Sevastopol siege: surrounded and soaked in blood
Ivan Losev was a teenager when the Second World War reached his home. He calls it a nightmare in paradise. The beautiful seaside town of Sevastopol in the Crimea was soaked in blood.
“When the Nazi troops came there, we were evacuated to a bunker on the coast. We sat there for three days. There was no water, so we had to drink sea water,” he recalls. “And there was absolutely no food. But it was too dangerous to go outside. German patrols checked the documents of residents. Those who didn’t have them were immediately shot dead. Those who did were sent to concentration camps.”
Sevastopol was one of the first Soviet cities to feel the bite of the war. The first bombardment happened on June 22, 1941, hours after Hitler officially declared war with the USSR. Sevastopol survived that attack. Five months later, when the German Army had already seized most of Soviet Ukraine, they returned, starting a long painful siege. Thousands of bombs fell on Sevastopol, a strategically-crucial city, which allowed access to the Black Sea. Locals had to hide underground.
For many months, thousands were crammed into small bunkers, waiting to be rescued. But when the Germans got too close, the Soviet military command ordered the underground facilities to be blown up.
Luybov Kotova was a nurse in a war hospital, located in a coal mine near Sevastopol. She managed to get out just minutes before explosive charges were set off, burying hundreds inside.
“We heard gunfire at the door and understood they were here. I looked around me and saw that there were too many wounded. We started to crawl out of the mine. Then I heard a sound of explosion. I ran and heard a roar of an airplane above me. We were shot at from the skies, but I managed to find shelter,” she recalls the moments of horror and despair.

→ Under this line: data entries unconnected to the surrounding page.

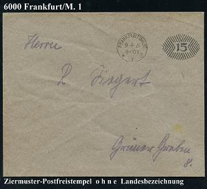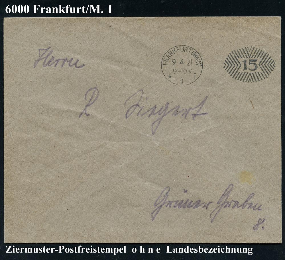 487 | 16 € | 6 Frankfurt/M. Post-Freistempel : FRANKFURT (MAIN)/ * 1 I/ 15 1921 (9.4.) PFS Ziermuster 15 Pf. schwarz klar auf Inl.-Bf. (Dü.D-1, Nr.2, UZ I) | ![]() | |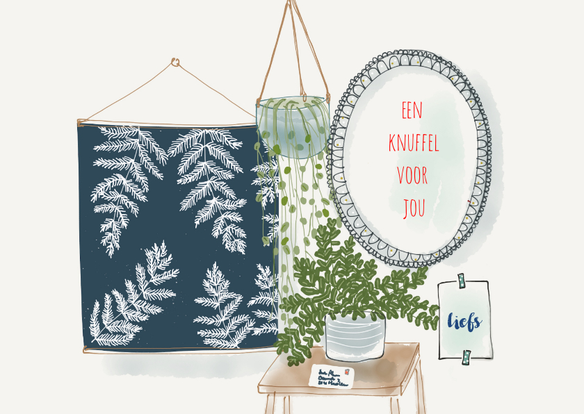 Een leuke getekende kaart om te laten weten dat je aan iemand denkt.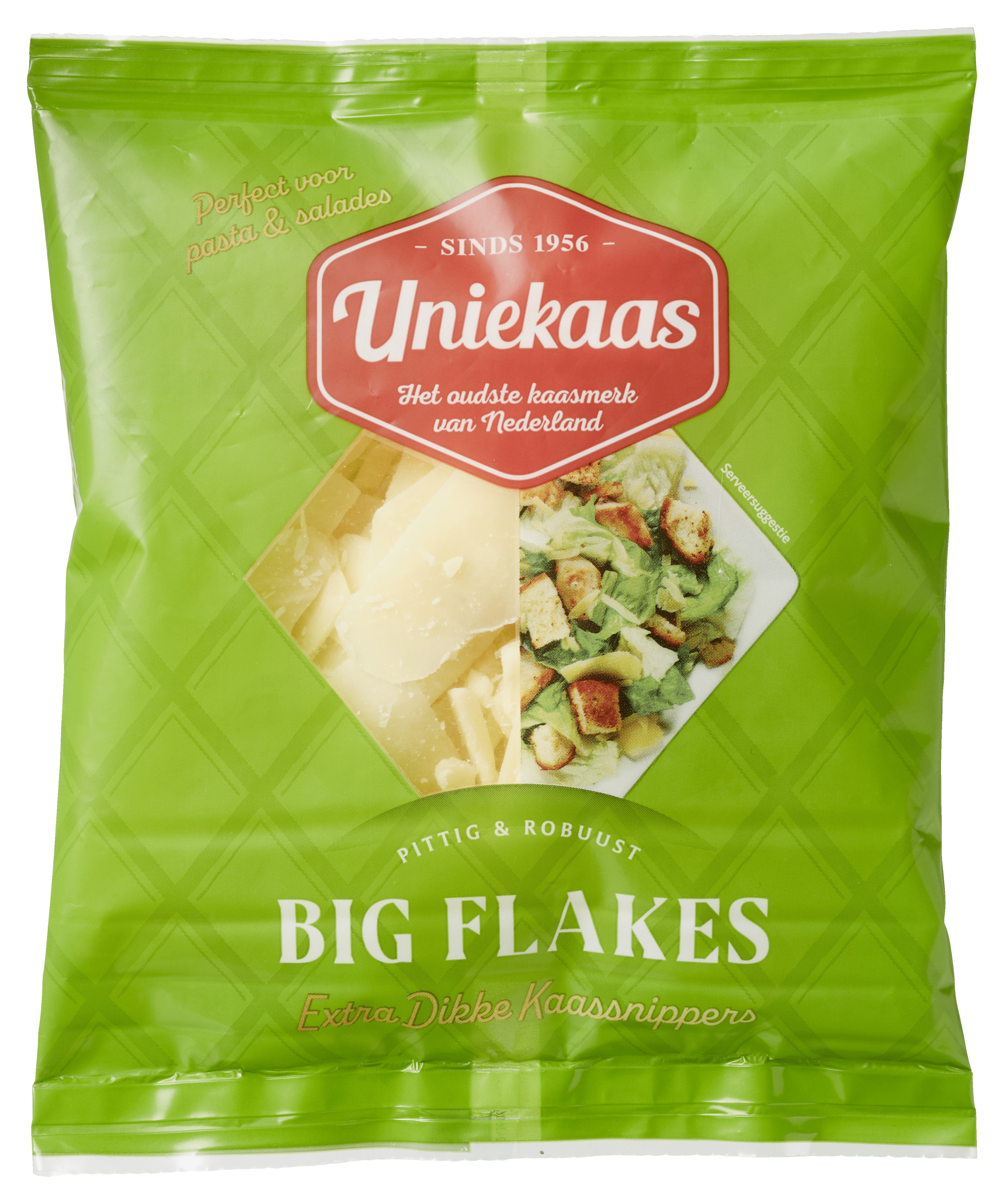 Ontdek de heerlijke Uniekaas Big Flakes, extra grote en dikke kaassnippers die perfect zijn als topping over carpaccio, salades of pastagerechten. Geniet van de rijke smaak en de veelzijdigheid van deze kaas. Bewaar de flakes gekoeld bij maximaal 7ยฐC voor een langdurige versheid.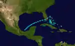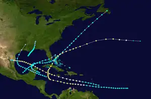 Meteorologist Ivan Ray Tannehill began the track for this storm in the northwest Caribbean on September 28, which subsequent meteorologists such as José Fernández Partagás confirmed in 1995.[1] The system moved west-northwestward and made landfall in the Yucatán Peninsula south of Tulum.[2] Due to trekking across the peninsula for several hours, the cyclone likely weakened to a tropical depression, but re-intensified into a tropical storm upon emerging into the Gulf of Mexico on September 29. Thereafter, the storm peaked with winds of 60 mph (95 km/h) as it curved northeastward and then almost due eastward by the following day. However, upon reaching the Straits of Florida late on October 1, the cyclone assumed a east-northeastward to northeastward motion while passing just south of the Florida Keys. By October 3, the storm moved northeastward towards the western Bahamas, crossing the Abaco Islands before reaching the open Atlantic. The cyclone moved ashore Newfoundland near the Burin Peninsula on October 7 and was last noted shortly thereafter.[2]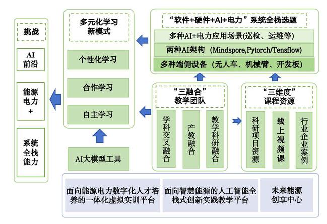 为破解人工智能快速发展背景下,面向“AI+能源电力”数智化应用型人才培养的人工智能实践课程教学的三个难题:一是课程教学如何体现能源电力特色,以支撑能源电力数智化人才培养;二是课程内容如何与人工智能前沿技术发展衔接;三是如何解决学生只懂软件开发,不懂硬件应用,不具备计算机系统全栈思维,不了解计算机在实际生产中的实际应用。人工智能课程组按照工程教育OBE的教学理念,在教学实践中坚持“以学生发展为中心,紧贴技术发展前沿,服务能源电力行业”的理念,基于学校建设的三个高水平实验平台,创新地设计了“三融合”教学团队(跨学科交叉融合、产教融合、教学科研融合)、“三维度”教学资源库(线上视频课资源、科研项目资源、行业企业案例资源),以及与AI辅助编程工具快速发展背景相适应的具备“软硬全栈、个性化学习、合作学习”特色的创新教学模式。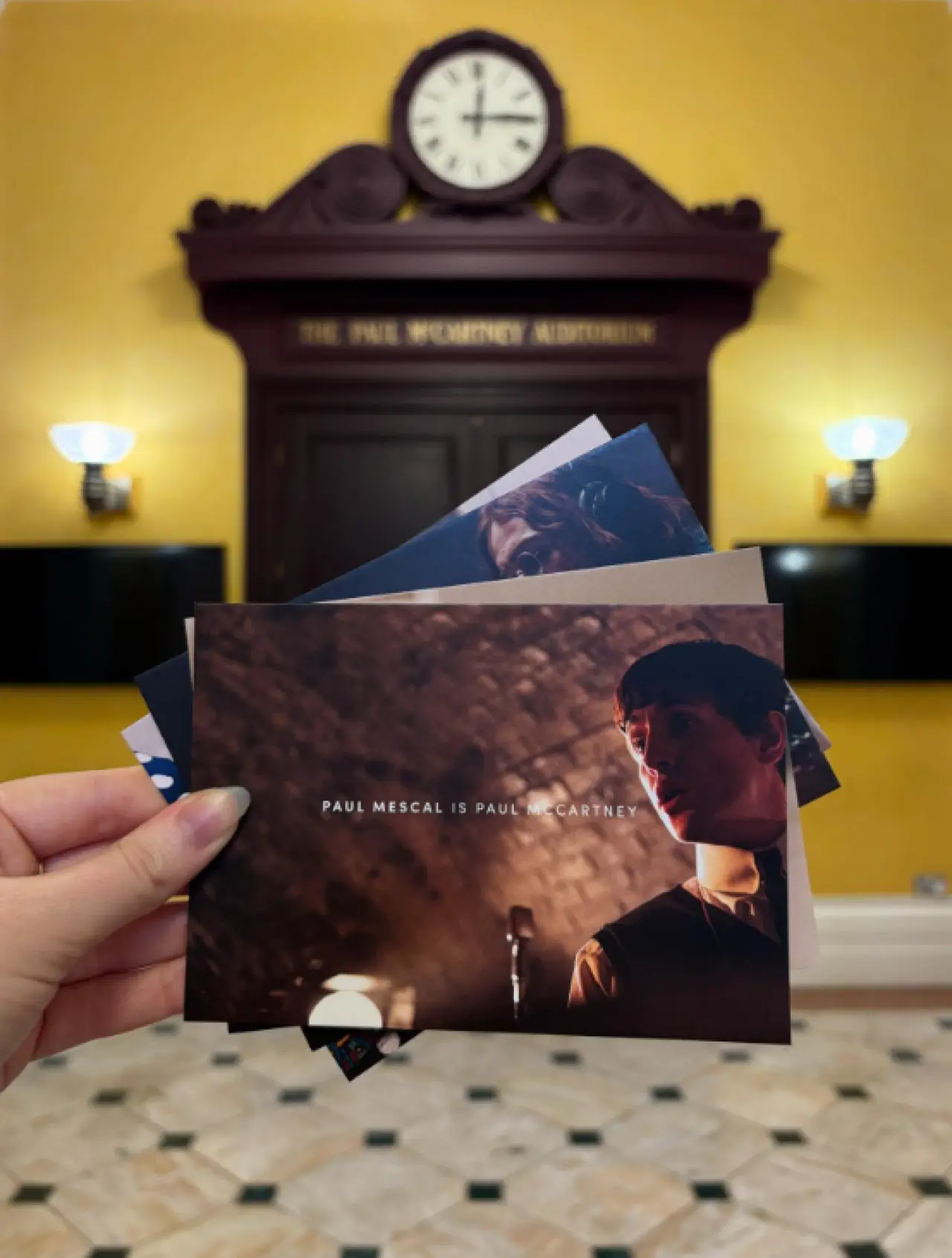 Alışılmışın dışında bir tanıtım stratejisi izleyen stüdyo, ilk görselleri dijital ortam yerine fiziksel olarak paylaştı. John Lennon, Paul McCartney, George Harrison ve Ringo Starr’ı canlandıran oyuncuların karakter kostümleriyle yer aldığı görseller, kartpostal formatında basılarak Liverpool Institute of Performing Arts kampüsünde farklı noktalara gizlendi. Okulun resmi sosyal medya hesabından yapılan çağrıyla öğrenciler kartpostalları bulmaya davet edildi.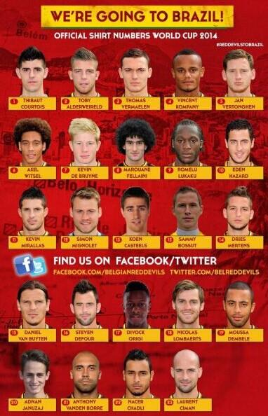 腾讯体育5月26日讯 比利时国家队正式公布了参加2014年巴西世界杯赛的球员号码,象征核心球员的10号被来自切尔西的阿扎尔获得,9号自然属于小魔兽卢卡库,来自曼联的天才球员贾努扎伊则身披20号战袍。 比利时在日前公布了最新一份的24人国家队名单,除了在门将位置上有4名球员,其他位置上都算是满打满算。这次在公布号码之时,主力门将库尔图瓦拿到了1号,二号门将米尼奥莱穿上了12号,另外两位门将卡斯蒂尔斯和普洛托的号码都是13号,这还意味着后两人之中将有一人遭到淘汰。 后防线方面,曼城队长孔帕尼得到4号球衣,热刺的费尔通亨穿走5号,阿森纳的维尔马伦拿下3号,马竞的替补阿尔德维尔德穿走了2号,拜仁老将范比滕分到了15号,比利时的后防线真可谓星光熠熠。 中前场方面,曼联后腰费莱尼穿走8号,同样是“蓬蓬头”的维塞尔穿走6号。埃弗顿双星卢卡库(目前仍租借在埃弗顿)和米拉拉斯分别拿下9号和11号, 切尔西核心阿扎尔穿走10号,曼联天才贾努扎伊则穿上了20号球衣。 附比利时队球员号码: 门将:1-库尔图瓦(马竞)、12-米尼奥莱(利物浦)、13-卡斯蒂尔斯(霍芬海姆)/普洛托(安德莱赫特) 后卫:2-阿尔德维尔德(马竞)、21-范登博雷(安德莱赫特)、23-希曼(标准列日)、4-孔帕尼(曼城)、15-范比滕(拜仁慕尼黑)、3-威尔马伦(阿森纳)、18-隆巴尔茨(泽尼特)、5-威尔通亨(热刺) 中场:6-维塞尔(泽尼特)、16-德福尔(波尔图)、8-费莱尼(曼联)、19-登贝莱(热刺) 、22-查德利(热刺)、7-德布劳内(沃尔夫斯堡) 、20-贾努扎伊(曼联) 前锋:9-卢卡库(埃弗顿)、17-奥利吉(里尔)、10-阿扎尔(切尔西)、14-梅尔滕斯(那不勒斯)、11-米拉拉斯(埃弗顿)

Only in 1987 were top secret documents on the cause of this tragedy de-classified. It was revealed that the hospital inside the Inkerman mine complex also had a huge ammunition storage facility. Soviet generals could not allow the Nazi troops to take control of it.
“Those people had no chance whatsoever of being rescued. The only escape route was the sea. But by then, the Germans fully controlled the air over Sevastopol and any attempt to evacuate by water would most likely lead to the loss of the fleet. It was a choice of either losing the ammunition stockpile or lose the ships. Both were unacceptable for the Soviet command. But these people would not have been rescued anyway,” says historian Andrey Souystov.
The siege of Sevastopol lasted for more than 250 days. It fell in 1942, to be liberated from the Nazis by the Red Army two years later. Eyewitnesses say the Germans defended relentlessly, unwilling to give up this important port.
Nowadays, Sevastopol remains a strategically crucial place. It is home to the Russian Black Sea fleet. In the city which breathes history of bloodletting battles, they stay to ensure nothing like Sevastopol’s tragedy of 1942 happens ever again.